What to work on:
For the entries below, print exactly the lines between the line holding "Anni 70/80, set" and the line holding "Характеристики же ее", inclusive, and nothing else.
---------- Data for review ----------
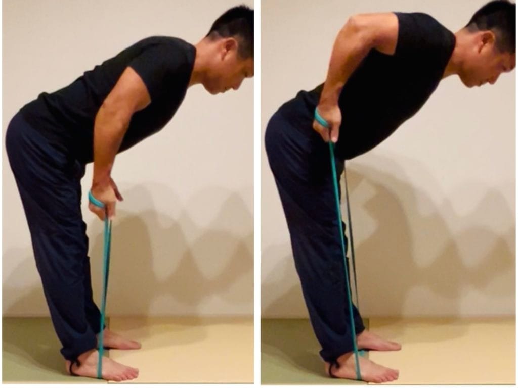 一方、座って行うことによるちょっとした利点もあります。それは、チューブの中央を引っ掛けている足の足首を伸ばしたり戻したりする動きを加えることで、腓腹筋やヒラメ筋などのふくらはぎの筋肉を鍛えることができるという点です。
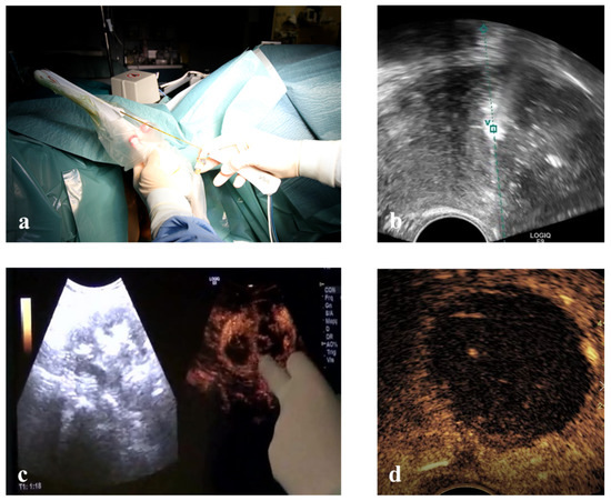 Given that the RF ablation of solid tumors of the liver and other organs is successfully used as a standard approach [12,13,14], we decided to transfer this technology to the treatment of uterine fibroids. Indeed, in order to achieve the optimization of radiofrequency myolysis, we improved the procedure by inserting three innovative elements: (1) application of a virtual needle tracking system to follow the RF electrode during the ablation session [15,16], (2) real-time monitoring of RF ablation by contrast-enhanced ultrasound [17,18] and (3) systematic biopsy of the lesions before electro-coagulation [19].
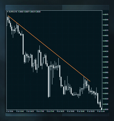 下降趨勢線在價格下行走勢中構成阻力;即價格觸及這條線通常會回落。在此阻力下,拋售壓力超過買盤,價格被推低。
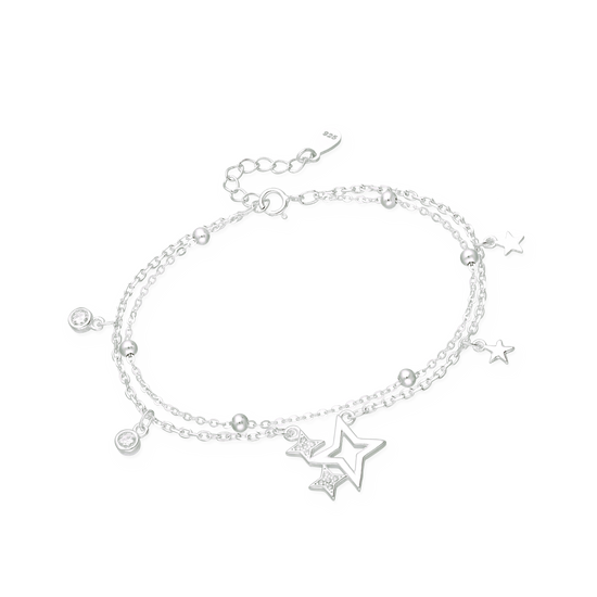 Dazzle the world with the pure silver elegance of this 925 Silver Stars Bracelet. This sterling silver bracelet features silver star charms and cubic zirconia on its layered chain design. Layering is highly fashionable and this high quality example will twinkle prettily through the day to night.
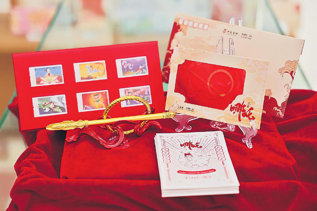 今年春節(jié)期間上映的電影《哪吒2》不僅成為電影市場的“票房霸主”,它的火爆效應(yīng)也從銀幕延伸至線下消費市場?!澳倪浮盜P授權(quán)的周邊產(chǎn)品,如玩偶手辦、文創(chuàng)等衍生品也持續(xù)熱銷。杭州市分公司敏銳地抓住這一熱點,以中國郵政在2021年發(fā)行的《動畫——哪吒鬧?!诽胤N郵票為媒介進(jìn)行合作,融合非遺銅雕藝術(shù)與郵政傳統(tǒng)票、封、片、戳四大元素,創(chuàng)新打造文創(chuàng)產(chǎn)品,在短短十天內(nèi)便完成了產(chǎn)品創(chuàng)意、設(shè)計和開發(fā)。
----------
---------- Data for review ----------
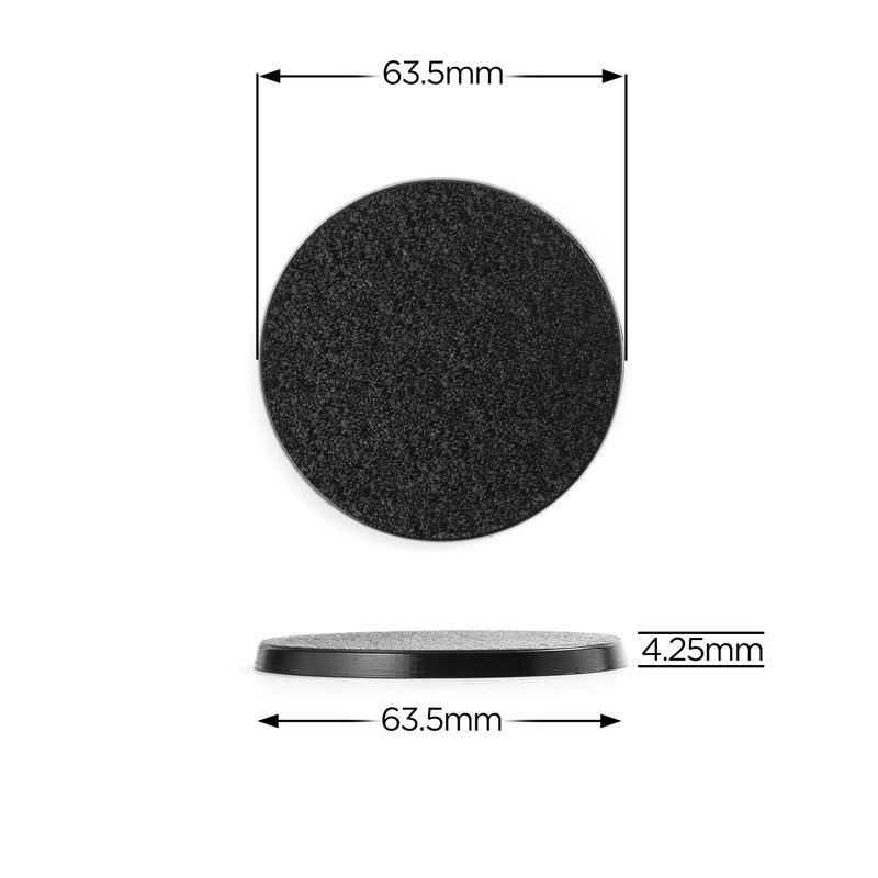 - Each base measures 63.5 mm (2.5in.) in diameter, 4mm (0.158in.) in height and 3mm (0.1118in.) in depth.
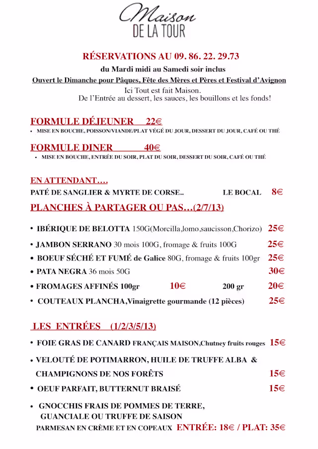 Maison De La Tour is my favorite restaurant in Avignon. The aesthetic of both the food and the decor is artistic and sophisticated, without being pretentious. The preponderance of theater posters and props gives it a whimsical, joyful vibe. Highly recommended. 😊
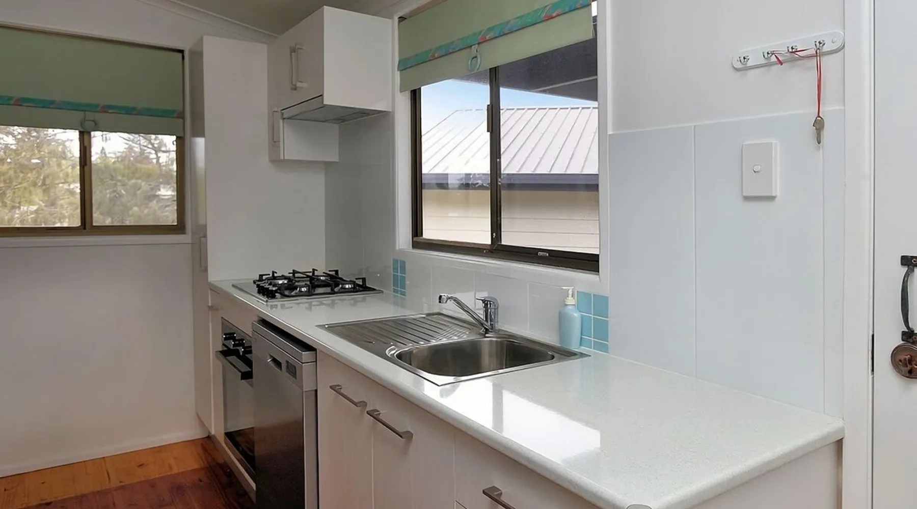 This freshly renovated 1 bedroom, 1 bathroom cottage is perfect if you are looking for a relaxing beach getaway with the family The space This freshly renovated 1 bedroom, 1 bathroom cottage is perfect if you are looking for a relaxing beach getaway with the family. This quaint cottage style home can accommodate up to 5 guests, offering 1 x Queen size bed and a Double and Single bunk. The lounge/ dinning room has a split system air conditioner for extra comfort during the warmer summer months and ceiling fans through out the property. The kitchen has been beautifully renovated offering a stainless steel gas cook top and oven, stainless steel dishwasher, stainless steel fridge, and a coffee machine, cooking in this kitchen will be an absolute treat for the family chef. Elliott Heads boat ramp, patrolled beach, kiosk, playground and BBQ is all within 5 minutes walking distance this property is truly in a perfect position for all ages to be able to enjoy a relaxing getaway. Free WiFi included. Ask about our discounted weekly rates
----------
---------- Data for review ----------
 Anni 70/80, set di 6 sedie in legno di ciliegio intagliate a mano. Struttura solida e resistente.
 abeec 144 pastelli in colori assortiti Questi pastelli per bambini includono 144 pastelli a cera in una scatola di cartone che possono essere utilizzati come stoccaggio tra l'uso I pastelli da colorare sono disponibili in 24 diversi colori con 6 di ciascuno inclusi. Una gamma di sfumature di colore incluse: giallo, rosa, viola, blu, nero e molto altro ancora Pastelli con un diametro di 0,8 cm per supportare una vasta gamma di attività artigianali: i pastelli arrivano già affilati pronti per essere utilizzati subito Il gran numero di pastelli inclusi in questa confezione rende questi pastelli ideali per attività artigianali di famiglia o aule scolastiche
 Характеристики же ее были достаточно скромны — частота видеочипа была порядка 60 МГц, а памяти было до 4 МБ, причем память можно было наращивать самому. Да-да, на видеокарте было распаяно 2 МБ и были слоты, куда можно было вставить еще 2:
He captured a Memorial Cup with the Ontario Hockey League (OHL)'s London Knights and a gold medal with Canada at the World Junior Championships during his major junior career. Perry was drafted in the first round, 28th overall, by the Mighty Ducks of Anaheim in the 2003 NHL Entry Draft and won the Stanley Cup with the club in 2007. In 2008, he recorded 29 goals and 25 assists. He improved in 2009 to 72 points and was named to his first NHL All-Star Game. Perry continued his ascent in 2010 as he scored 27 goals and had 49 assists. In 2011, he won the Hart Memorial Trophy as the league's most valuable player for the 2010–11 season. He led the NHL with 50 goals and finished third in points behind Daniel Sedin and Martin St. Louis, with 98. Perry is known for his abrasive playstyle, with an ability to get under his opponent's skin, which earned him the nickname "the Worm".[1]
----------
Solution to the exercise:
 Anni 70/80, set di 6 sedie in legno di ciliegio intagliate a mano. Struttura solida e resistente.
 abeec 144 pastelli in colori assortiti Questi pastelli per bambini includono 144 pastelli a cera in una scatola di cartone che possono essere utilizzati come stoccaggio tra l'uso I pastelli da colorare sono disponibili in 24 diversi colori con 6 di ciascuno inclusi. Una gamma di sfumature di colore incluse: giallo, rosa, viola, blu, nero e molto altro ancora Pastelli con un diametro di 0,8 cm per supportare una vasta gamma di attività artigianali: i pastelli arrivano già affilati pronti per essere utilizzati subito Il gran numero di pastelli inclusi in questa confezione rende questi pastelli ideali per attività artigianali di famiglia o aule scolastiche
 Характеристики же ее были достаточно скромны — частота видеочипа была порядка 60 МГц, а памяти было до 4 МБ, причем память можно было наращивать самому. Да-да, на видеокарте было распаяно 2 МБ и были слоты, куда можно было вставить еще 2:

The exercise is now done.